08.20.2010 0

New Jersey Business Owners, Activists Seek Repeal of “Cap and Trade” that Could Reverberate Nationally

By Kevin Mooney — Business owners have joined forces with free market activists in New Jersey who are calling on state lawmakers to repeal “cap and trade” policies, which are responsible for boosting energy prices. On Thursday, The New Jersey Restaurant Association (NJRA), which represents the state’s largest employment sector, announced its support for a bill that would both revoke “cap and trade” and rescind N.J.’s participation in the Regional Greenhouse Gas Initiative (RGGI).
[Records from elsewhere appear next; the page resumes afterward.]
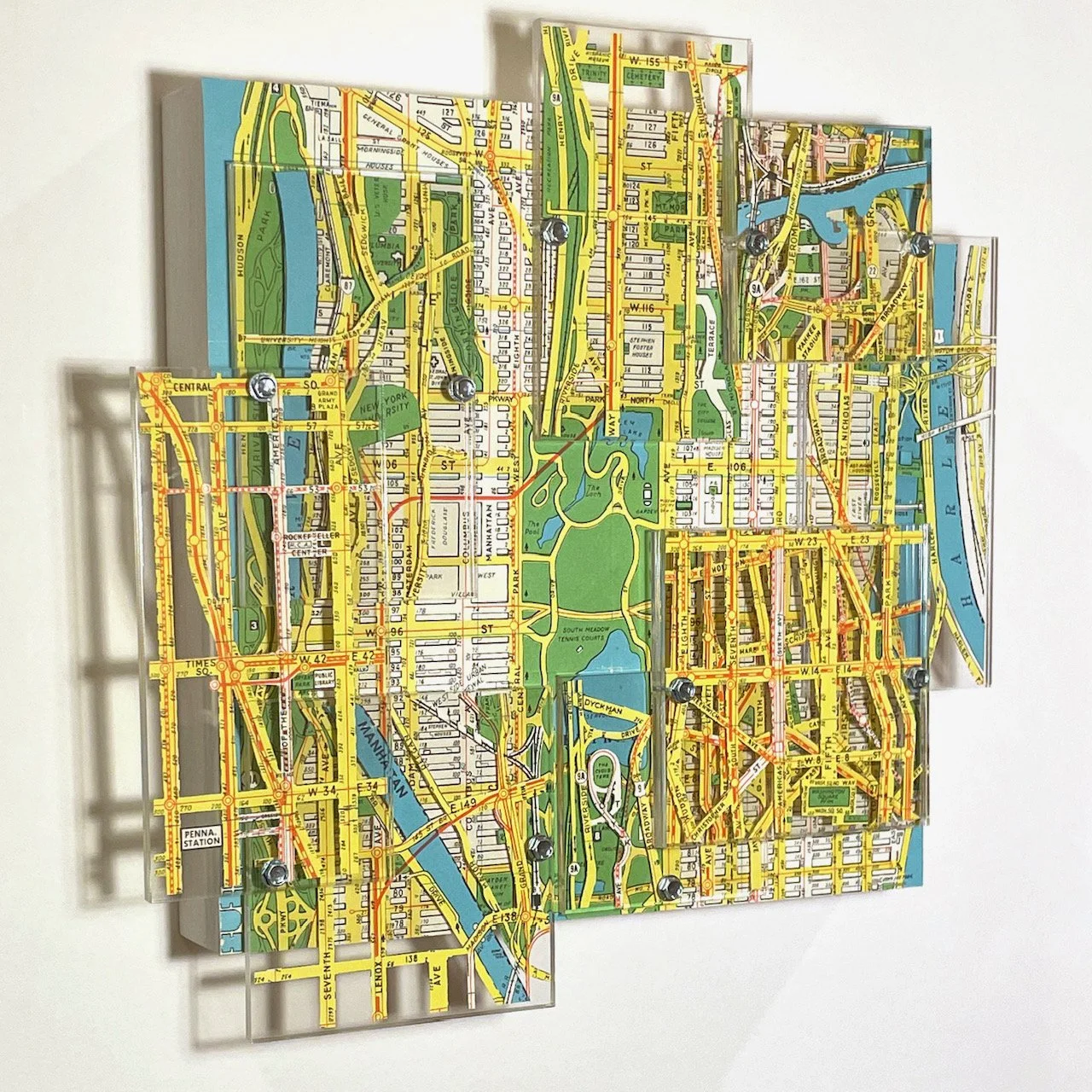 Midtown, 2025, Hand Cut Map, Acrylic, Metal on Panel, 17H x 15.5W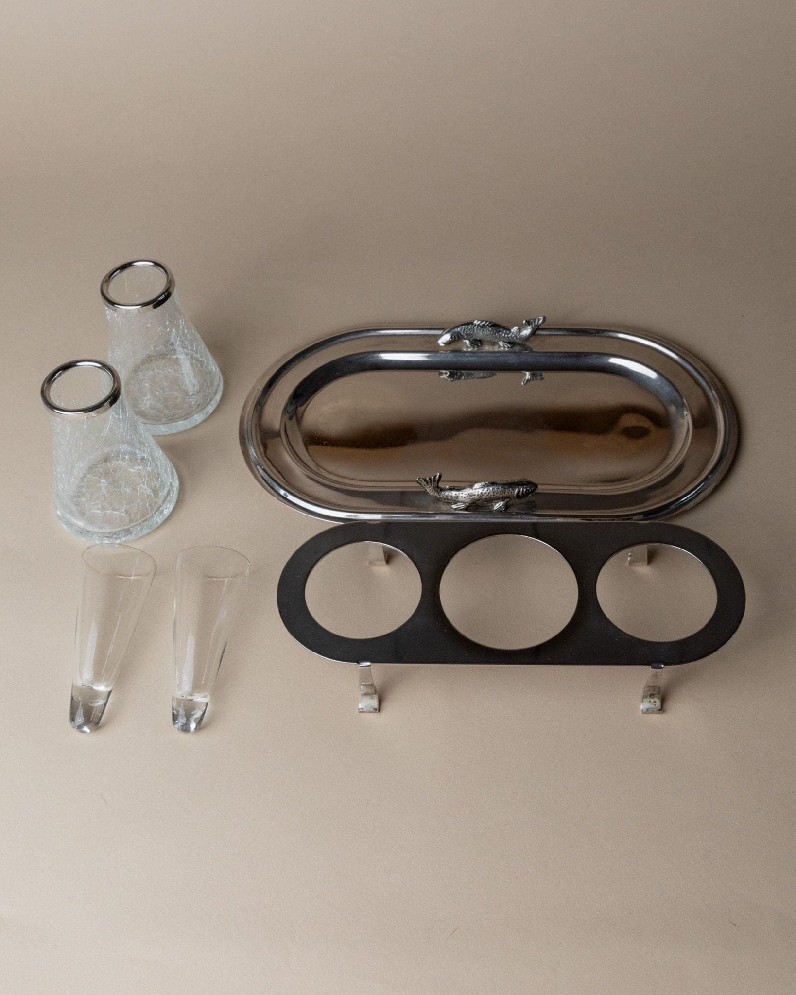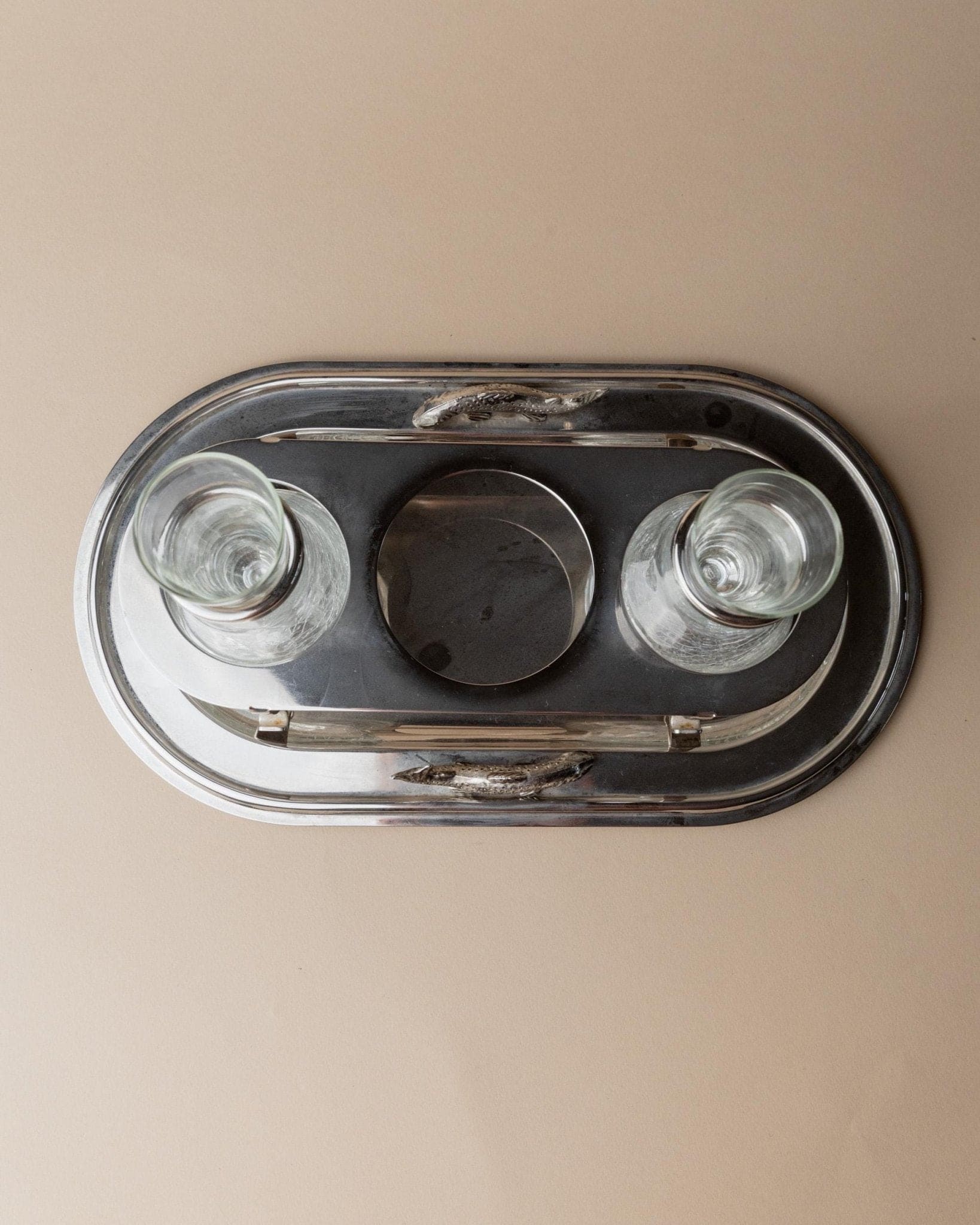 Service vintage argenté pour shots ou caviar Italie années 70 décoration de table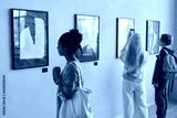 Diverse group of teenagers looking at abstract art in art gallery or museum standing in row with African American girl in foreground

“The opposition that is building up against `cap and trade’ in New Jersey could have national implications since the program here was crafted as a model for what President Obama had in mind,” Steven Lonegan, a former mayor of Bogota explained in an interview. “The American people are opposed to these environmental regulations but they are still growing right under our feet at the state level with these regional initiatives. It’s shocking how few people realize New Jersey already has the program.”

Lonegan, who is also a former gubernatorial candidate, is heading up the effort to repeal “cap and trade” in partnership with private citizens and public officials. Legislation (Bill A3147) has been introduced in the Assembly by Assemblyman Michael Patrick Carroll (R-25) and Assemblywoman Alison Littell McHose (R-24). An accompanying bill is expected to be introduced by Senator Michael Doherty (R-23).

Lisa Jackson, who now serves as Obama’s Environmental Protection Agency (EPA) administrator, previously served as the NJ environmental commissioner. Prior last year’s “climategate” scandal that exposed how politically motivated researchers manipulated and exaggerated warming trends, federal lawmakers were eyeing Jackson’s state level program as a foundation for new regulatory schemes modeled after the Kyoto Protocol.

“There are profound economic consequences attached to scientifically unfounded `cap and trade’ programs,” Lonegan said. “Unfortunately, there are still too many state legislators who don’t understand the issue and don’t have the backbone to stand up to groups like the Sierra Club. But the public is behind us and we feel like we have momentum.”